Background of Pennsylvania Vital Records
In 1682, a colonial law was enacted that led to burials, births, and marriages being recorded in Pennsylvania. However, civil records wound up including very few of those recordings. In the middle of the 1800s a new law was enacted, which required those events to be recorded with the County Register of Wills, who had to send copies to a central repository in Harrisburg. Those records cover the years of 1852 to 1854, but they are only extant for 49 counties and they are not necessarily complete for those counties. County courthouses should have copies of those records on file, and many have also been stored on microfilm at the Pennsylvania State Archives. There are indexes available, which are organized according to county name, event, and year. The State Library of Pennsylvania, Carnegie Library of Pittsburgh, and Historical Society of Pennsylvania each have microfilmed copies of some of those records available. The city of Philadelphia recorded deaths and births that occurred between 1860 and 1893. In the later parts of the 1800s other cities also recorded vital records. Some of those cities included: Pittsburgh, Pottsville, Easton, Allegheny, Harrisburg, Williamsport.
However, there are gaps in many of those records. Marriages were recorded by each county’s orphans’ court clerk from 1885 onward. The Historical Society of Pennsylvania and the Pennsylvania State Archives each have some of those records on file. Deaths, births, and delayed birth registrations were also recorded with each county’s orphans’ court from 1893 to 1906. Some of those delayed recordings go back as far as the 1860s. Some of those records are available at the Pennsylvania State Archives. Records for Philadelphia from 1860 to 1915 can be found at the Historical Society of Pennsylvania and the Philadelphia City Archives.
In colonial times Pennsylvania did not require marriage licenses. However, there were several marriage bonds issued, and some of the information for the years of 1743 to 1790 has survived. That information has been published in series 2, volume 2 by the Pennsylvania Archives. The date of the bond and the names of the parties are listed in the records.

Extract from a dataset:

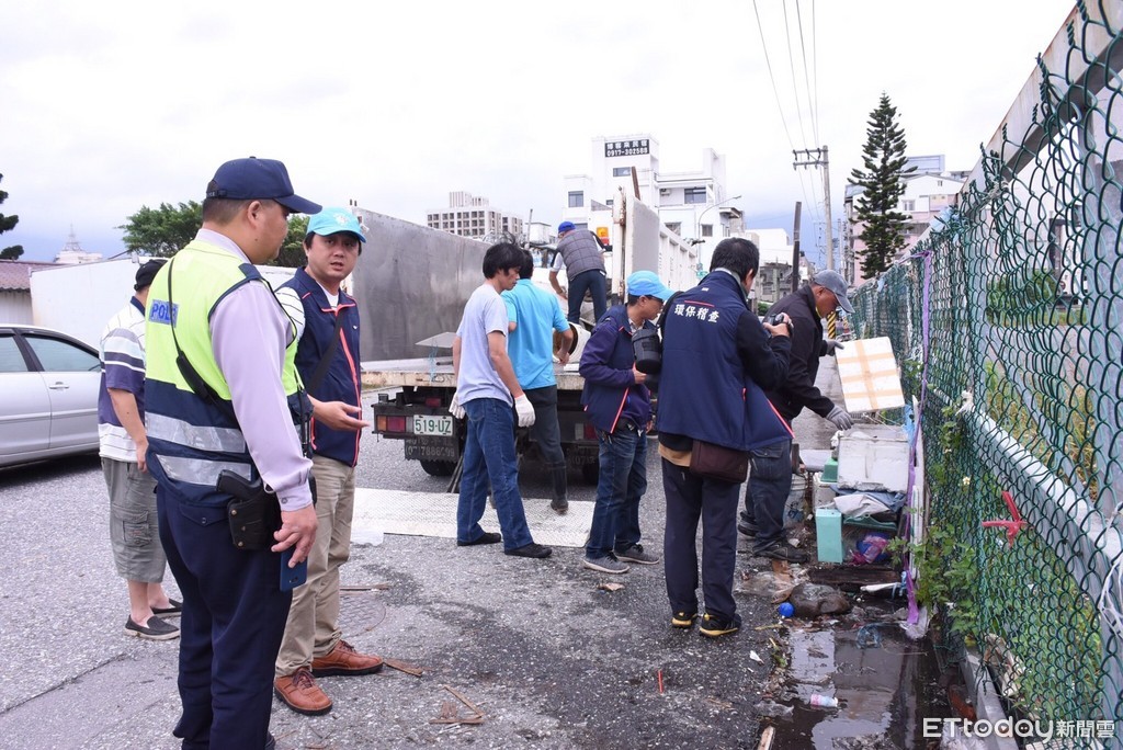 徐分隊長表示,為避免清運時有所爭議,執行作業過程現場攝影,確認無貴重物品且屬廢棄物後才清運上車,清運的物品包括保麗龍空箱、帆布、木頭、塑膠籃等,其中以水泥灌注的輪胎與桶子在搬運時最為吃力,需要三至四人搬動才能順利搬上車。

Pennsylvania Archives series 2, volumes 8 and 9 contain early marriage records from churches.
There are almost no civil vital records for Pennsylvania from the 1800s still in existence, other than those mentioned above and those from the county orphans’ courts that were recorded in 1885. However, there are many records available that can be good substitutes for those records, such as justice of the peace records, newspaper records, census records, church records, inscriptions from grave markers, and other notices.
The county court of common pleas holds most records of divorces in Pennsylvania in 1804. The clerk who handles those records is usually the prothonotary. The Statutes at Large from colonial Pennsylvania only contain records of two divorces. One was granted in 1769. The other was voided in 1772. During the Revolutionary War and after it ended, the General Assembly had the power to grant divorces. They were generally granted on the grounds of adultery. From 1785 to 1804 the supreme court also had concurrent jurisdiction over divorce cases. Divorce papers from 1786 to 1815 from the supreme court can be found at the Pennsylvania State Archives. Philadelphia’s city archives holds that city’s divorce records for the years of 1786 to 1815.